[WHAT TO WORK ON] Print the listing below a second time, exactly, and omit its images.
═══ MATERIAL FOR THIS EXERCISE ═══
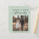 Haushaltsfreundliches und schlaues Grün oder private Hochzeitsankündigung und Empfang-Einladung mit Ihrem Hochzeitstag-Foto und "Happily Ever After Party" in einer Mischung aus einfacher Typografie und einem trendigen Drehbuch mit Swashes. Auf der anderen Seite, personalisieren Sie Ihre Hochzeitsankündigung und Empfang-Einladung detaillierter, geben Sie Ihre Website-Adresse, um einen QR-Code für Gäste zu scannen, um Ihre Hochzeitsfeier, alle Einzelheiten und UAWG online zu sehen, und fügen Sie Ihre Namen in einem signaturähnlichen Skript.
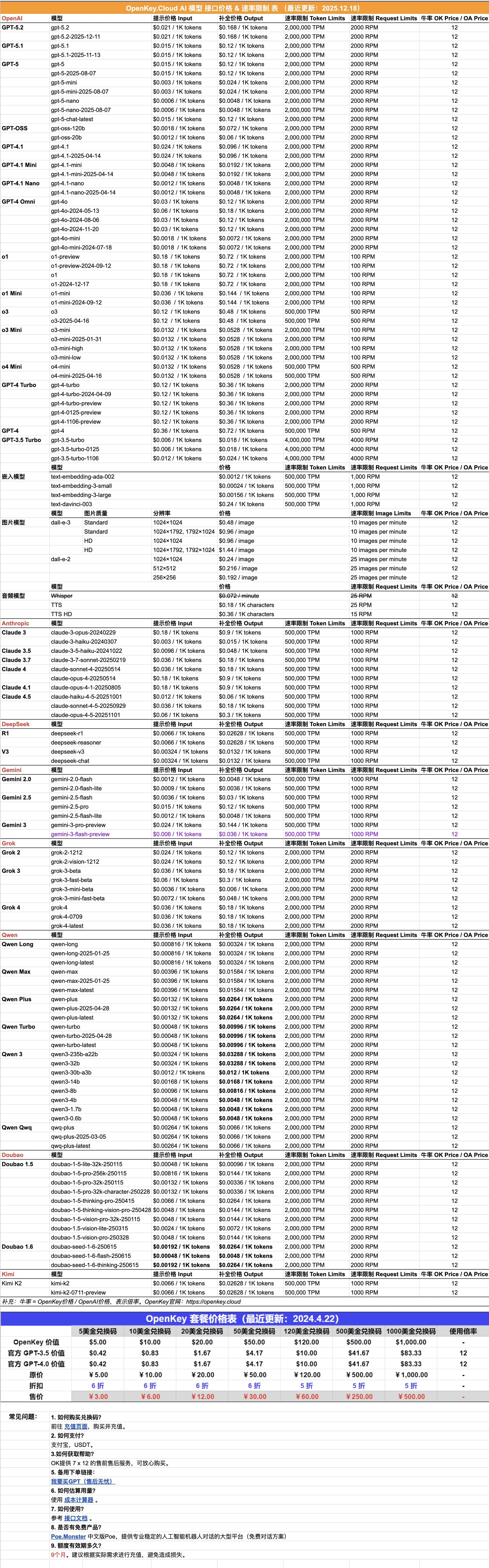 OpenKey普通用户分组使用共享账号池,采用资源抢占型策略。速率限制以账户为标准,而非创建的APIKEY/Token。标准速率如下:
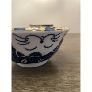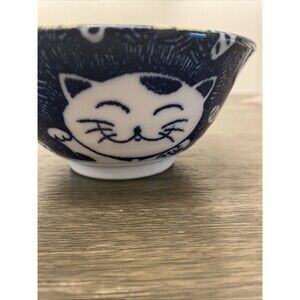 Japanese Porcelain Rice Bowl Blue Cute Kitty Cat Soup Ramen Made in Japan 6”
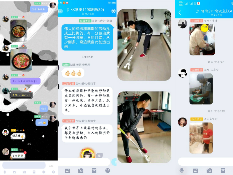 同学们围绕“五一“劳动节的主题,在家承担各种各样的家务,并把在家中进行的劳动成果以图片或文字的形式在班级群里展示和“晾晒”,并同时分享自己的心情,讲述自己劳动的小故事.有同学表示:“通过收拾,整个家变得干净整洁,心理也跟着开心起来。”有同学说:“享受自己做的美食,感觉到付出与收获,心情轻松愉快,充满成就感和满足感,相信这将会是一个难忘而快乐的记忆。”还有的同学掌握了包粽子的新技能,很是自豪和得意……
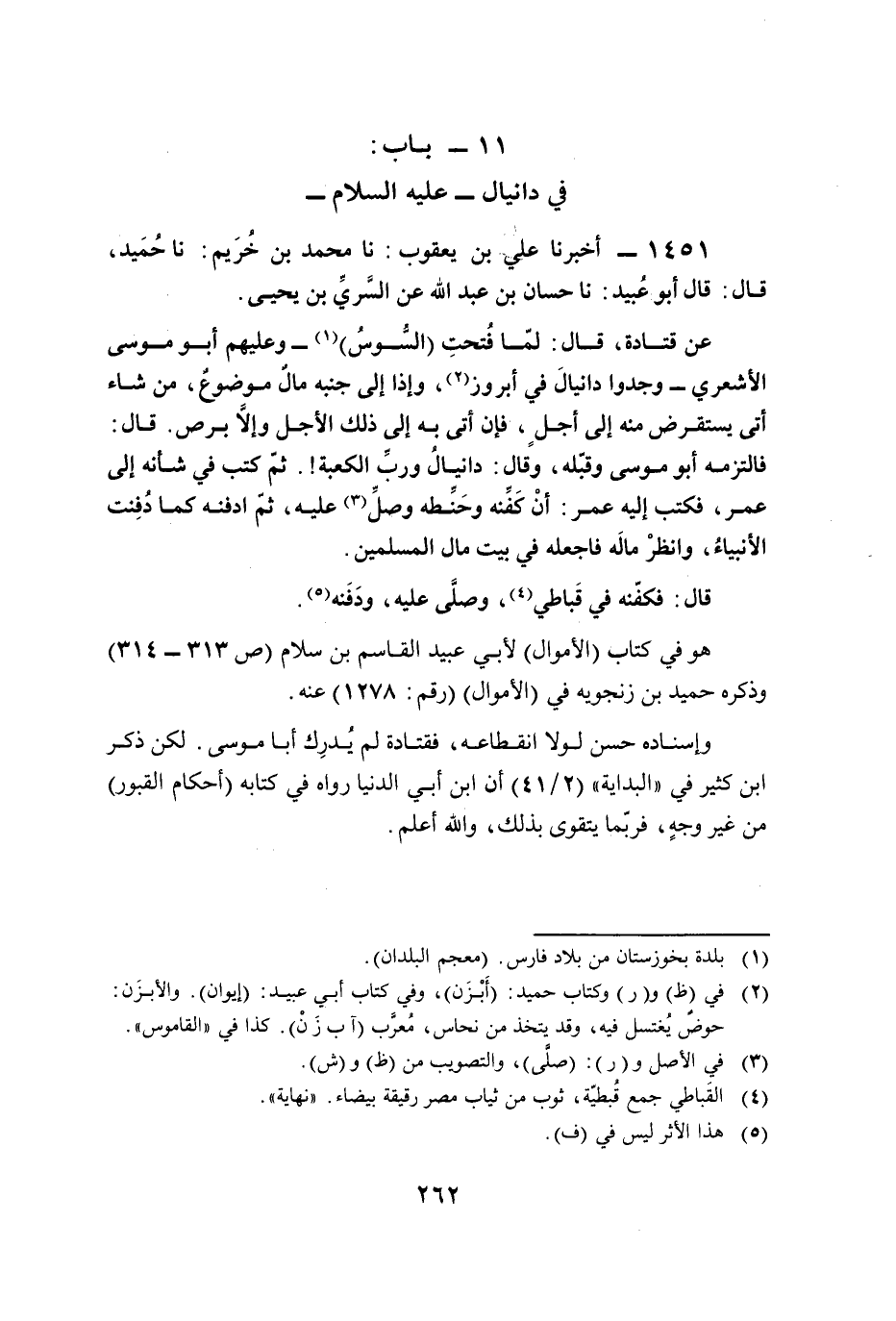 عن قتادة، قال: لمّا فُتحتِ (السُّوسُ) (¬1) -وعليهم أبو موسى الأشعري- وجدوا دانيالَ في أبروز (¬2)، وإذا إلى جنبه مالٌ موضوعٌ، من شاء أتى يستقرض منه إلى أجلٍ، فإن أتى به إلى ذلك الأجل وإلَّا برص. قال: فالتزمه أبو موسى وقبّله، وقال: دانيالُ وربِّ الكعبة!. ثمّ كتب في شأنه إلى عمر، فكتب إليه عمر: أنْ كَفِّنه وحَنِّطه وصلِّ (¬3) عليه، ثمّ ادفنه كلما دُفِنت الأنبياءُ، وانظرْ مالَه فاجعله في بيت مال المسلمين.
═══
[ANSWER TO THE EXERCISE]
 Haushaltsfreundliches und schlaues Grün oder private Hochzeitsankündigung und Empfang-Einladung mit Ihrem Hochzeitstag-Foto und "Happily Ever After Party" in einer Mischung aus einfacher Typografie und einem trendigen Drehbuch mit Swashes. Auf der anderen Seite, personalisieren Sie Ihre Hochzeitsankündigung und Empfang-Einladung detaillierter, geben Sie Ihre Website-Adresse, um einen QR-Code für Gäste zu scannen, um Ihre Hochzeitsfeier, alle Einzelheiten und UAWG online zu sehen, und fügen Sie Ihre Namen in einem signaturähnlichen Skript.
 OpenKey普通用户分组使用共享账号池,采用资源抢占型策略。速率限制以账户为标准,而非创建的APIKEY/Token。标准速率如下:
 Japanese Porcelain Rice Bowl Blue Cute Kitty Cat Soup Ramen Made in Japan 6”
 同学们围绕“五一“劳动节的主题,在家承担各种各样的家务,并把在家中进行的劳动成果以图片或文字的形式在班级群里展示和“晾晒”,并同时分享自己的心情,讲述自己劳动的小故事.有同学表示:“通过收拾,整个家变得干净整洁,心理也跟着开心起来。”有同学说:“享受自己做的美食,感觉到付出与收获,心情轻松愉快,充满成就感和满足感,相信这将会是一个难忘而快乐的记忆。”还有的同学掌握了包粽子的新技能,很是自豪和得意……
 عن قتادة، قال: لمّا فُتحتِ (السُّوسُ) (¬1) -وعليهم أبو موسى الأشعري- وجدوا دانيالَ في أبروز (¬2)، وإذا إلى جنبه مالٌ موضوعٌ، من شاء أتى يستقرض منه إلى أجلٍ، فإن أتى به إلى ذلك الأجل وإلَّا برص. قال: فالتزمه أبو موسى وقبّله، وقال: دانيالُ وربِّ الكعبة!. ثمّ كتب في شأنه إلى عمر، فكتب إليه عمر: أنْ كَفِّنه وحَنِّطه وصلِّ (¬3) عليه، ثمّ ادفنه كلما دُفِنت الأنبياءُ، وانظرْ مالَه فاجعله في بيت مال المسلمين.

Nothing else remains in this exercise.